透過型電子顕微鏡分析では、翌日、超ミクロトームを使用して90ナノメートルの厚い切片を得て、200キロボルトの透過電子顕微鏡下でグリッドを観察します。サンプル調製を開始する前に、きれいなインジウムスズオキシドは30〜60秒間イソプロパノールで穏やかな攪拌でガラスカバーリップをコーティングしました。攪拌の終わりに、余分なアルコールを排出し、ほこりのない環境にカバーリップを置きます。
カバーリップが乾燥しているときは、プラズマコーターを使用してカバーリップを1分間放電します。次にカバーリップを基板ホルダーに挿入し、基板ホルダーをナイフボートに入れます。走査型電子顕微鏡のサンプルを得るために、埋め込まれたサンプルブロックをウルトラミクロトームのサンプルホルダーに挿入します。
そして、ホルダーをトリミングブロックにセットします。カミソリの刃を使用して、ブロックの面が台形または長方形になるように、ターゲット位置の周りに余分な樹脂をトリミングします。先頭と末尾のエッジは、互いに厳密に平行にする必要があります。
多数のシリアルセクションを取得するのは容易ではありません。ただし、リーディング エッジと後続エッジは完全に平行である必要があります。次に、サンプルホルダーをウルトラミクロトームのアームに挿入します。
ナイフホルダーにダイヤモンドナイフを入れ、ナイフボートにろ過蒸留水を入れます。次に、ホルダーのハンドルを慎重に押して、カバーリップの端がナイフに近づくようにキャリアの位置を調整します。サンプルを入手した後、切り抜きプロセスを停止し、チューブのクランプスクリューをゆっくりと開け、水上ボートを排出します。

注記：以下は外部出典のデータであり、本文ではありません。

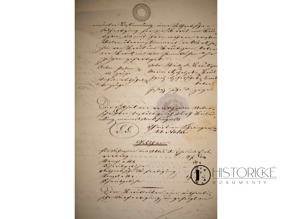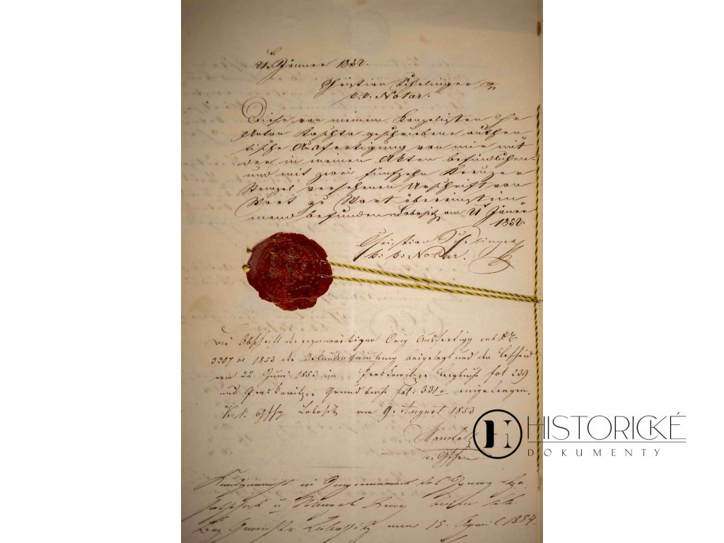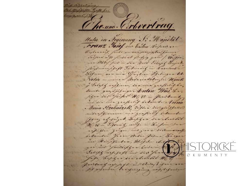 Velevzácný historický dokument, Ehe-und-Erbvertrag (Svatební a dědická smlouva) z dob slavné vlády Jeho Veličenstva císaře Františka Josefa I. Listina jest vyhotovena překrásným krasopisným písmem, jakož tehdy ve zvyku bylo, s početnou paginací a kolkovým razítkem v hodnotě 50 krejcarů. Sepsána bezpochyby c.k. notářem, jenž sňatek mezi panem Antonem Weissem a jeho vyvolenou Annou Marií Rycháčzekovou úředně potvrzuje. Dokument jedinečné historické hodnoty, v dokonale zachovalém stavu.

リボンの収集プロセスが完了したら、クランプ装置のハンドルで基板を取り外し、リボンを乾かします。目的のタンパク質を発現する遺伝的にタグ付きプラスミドを用い、タグ付きタンパク質の染色後にトランスフェクトされた標的細胞の同定を可能にする。その後、コ相対光電子顕微鏡法を用いて、標識された細胞培養をさらに可視化することができる。
例えば、SCO1-APEX2によって生成された暗い汚れは、ミトコンドリアのマトリックス空間ではなくミトコンドリア膜間空間においてのみ観察される。コードトランスフェクト細胞は、SCO1-APEX2およびHRP-KDELプラスミドの両方を用いて、ミトコンドリア膜間空間および小胞体において高密度の電子信号を発現する。しかし、SCO1-APEX2にトランスフェクトされた細胞では小胞体染色は認められていない。
走査型電子顕微鏡による逐次イメージングでは、大面積の後方散乱電子検出器を用いてアレイ全体の画像全体の概要を作成します。次に、対象となる領域が最初のセクションに配置され、他のすべてのセクションに反映されます。最後に、5つの標的細胞を含む対象領域を5ナノメートルの画像化されたピクセルで画像化する。
拡大は、ゴルジ装置、ミトコンドリア、およびエンドポラス系レチクルムなどの詳細な細胞下構造を明らかにする。シリアルイメージングは、異なるZプレーンで小胞子ミトコンドリア接点が起こることを明確に明らかにします。相関光と電子顕微鏡を使用して特定のターゲット構造を特定の識別法の影響を調べる方法を理解しておく必要があります。
これらの染色技術と体積電子顕微鏡を組み合わせることで、特にユーロウイルスにおける細胞相互作用を調査するために、より大きなスケールのEMに使用できる。グルタルアルデヒド、またエンテロサイドおよびTCHは非常に有毒ですので、防護服を着用し、これらの材料を使用する際にヒュームフードで動作するようにしてください覚えておいてください。